* **About this exercise**: Exactly the lines from the one containing "가을과 겨울 새로운 1" through the end of the listing below are required, restated word for word and without pictures.

[Opening Information shown section]

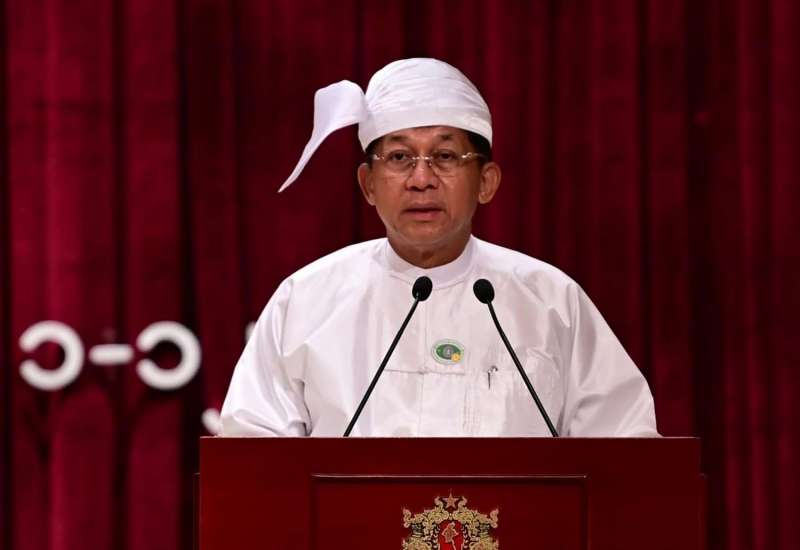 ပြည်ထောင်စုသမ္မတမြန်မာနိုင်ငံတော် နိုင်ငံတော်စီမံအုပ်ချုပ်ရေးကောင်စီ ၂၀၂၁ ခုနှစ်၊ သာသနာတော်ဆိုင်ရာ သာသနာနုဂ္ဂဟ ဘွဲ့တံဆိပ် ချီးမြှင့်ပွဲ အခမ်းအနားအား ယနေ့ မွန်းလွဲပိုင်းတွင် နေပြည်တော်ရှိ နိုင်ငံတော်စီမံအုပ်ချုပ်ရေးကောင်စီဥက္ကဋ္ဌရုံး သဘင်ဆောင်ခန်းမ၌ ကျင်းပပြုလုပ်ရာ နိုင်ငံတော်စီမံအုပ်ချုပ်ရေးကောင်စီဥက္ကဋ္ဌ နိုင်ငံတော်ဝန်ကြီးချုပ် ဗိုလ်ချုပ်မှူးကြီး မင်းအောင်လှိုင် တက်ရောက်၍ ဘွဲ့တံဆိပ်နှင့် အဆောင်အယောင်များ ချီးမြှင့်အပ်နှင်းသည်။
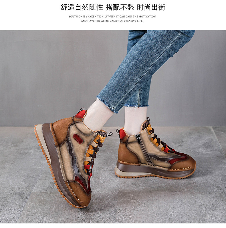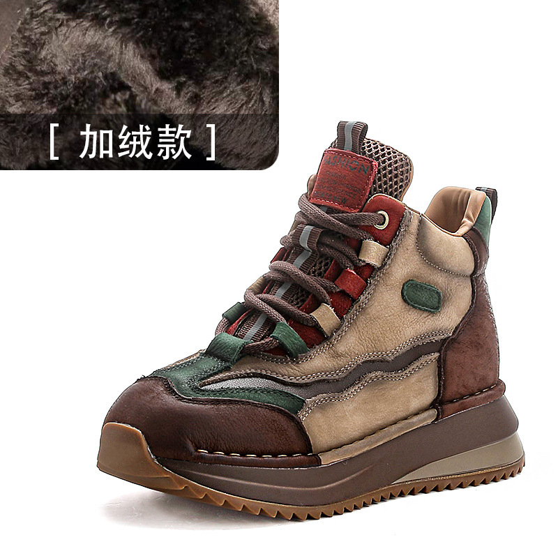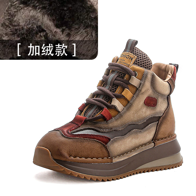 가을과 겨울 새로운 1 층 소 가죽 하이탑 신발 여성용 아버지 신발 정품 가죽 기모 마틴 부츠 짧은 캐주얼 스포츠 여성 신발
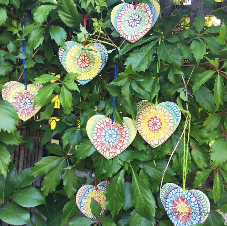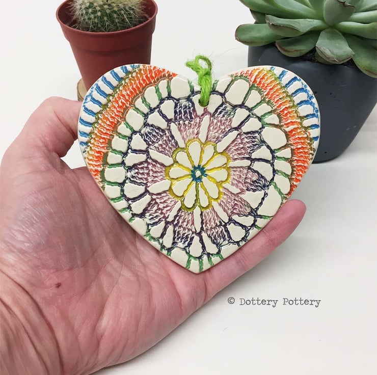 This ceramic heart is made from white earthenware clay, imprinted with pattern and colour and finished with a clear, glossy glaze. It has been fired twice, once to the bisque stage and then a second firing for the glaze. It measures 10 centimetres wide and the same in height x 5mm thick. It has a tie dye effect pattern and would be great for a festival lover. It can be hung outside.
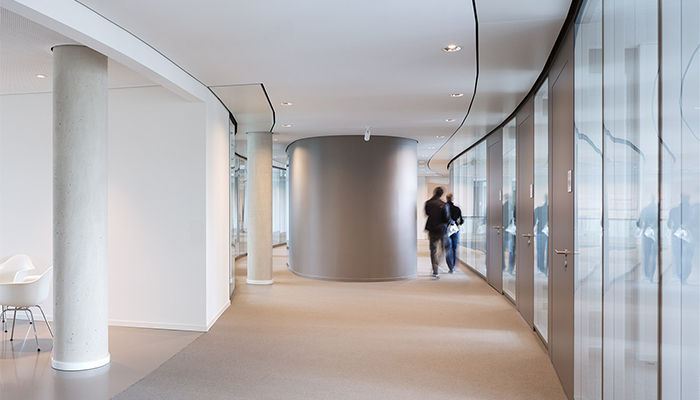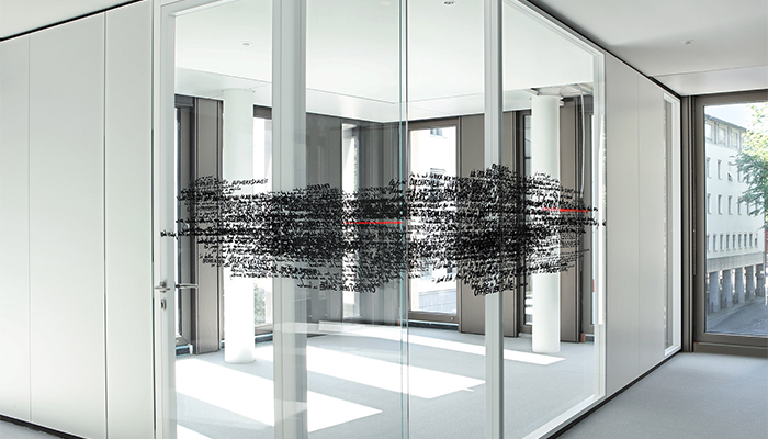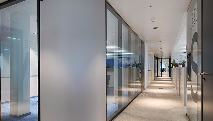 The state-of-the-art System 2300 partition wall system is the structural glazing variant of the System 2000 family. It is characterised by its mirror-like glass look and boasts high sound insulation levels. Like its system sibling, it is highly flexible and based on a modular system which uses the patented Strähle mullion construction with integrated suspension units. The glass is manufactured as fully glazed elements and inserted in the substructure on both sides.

[Closing Information shown section]

* **Answer area**:
 가을과 겨울 새로운 1 층 소 가죽 하이탑 신발 여성용 아버지 신발 정품 가죽 기모 마틴 부츠 짧은 캐주얼 스포츠 여성 신발
 This ceramic heart is made from white earthenware clay, imprinted with pattern and colour and finished with a clear, glossy glaze. It has been fired twice, once to the bisque stage and then a second firing for the glaze. It measures 10 centimetres wide and the same in height x 5mm thick. It has a tie dye effect pattern and would be great for a festival lover. It can be hung outside.
 The state-of-the-art System 2300 partition wall system is the structural glazing variant of the System 2000 family. It is characterised by its mirror-like glass look and boasts high sound insulation levels. Like its system sibling, it is highly flexible and based on a modular system which uses the patented Strähle mullion construction with integrated suspension units. The glass is manufactured as fully glazed elements and inserted in the substructure on both sides.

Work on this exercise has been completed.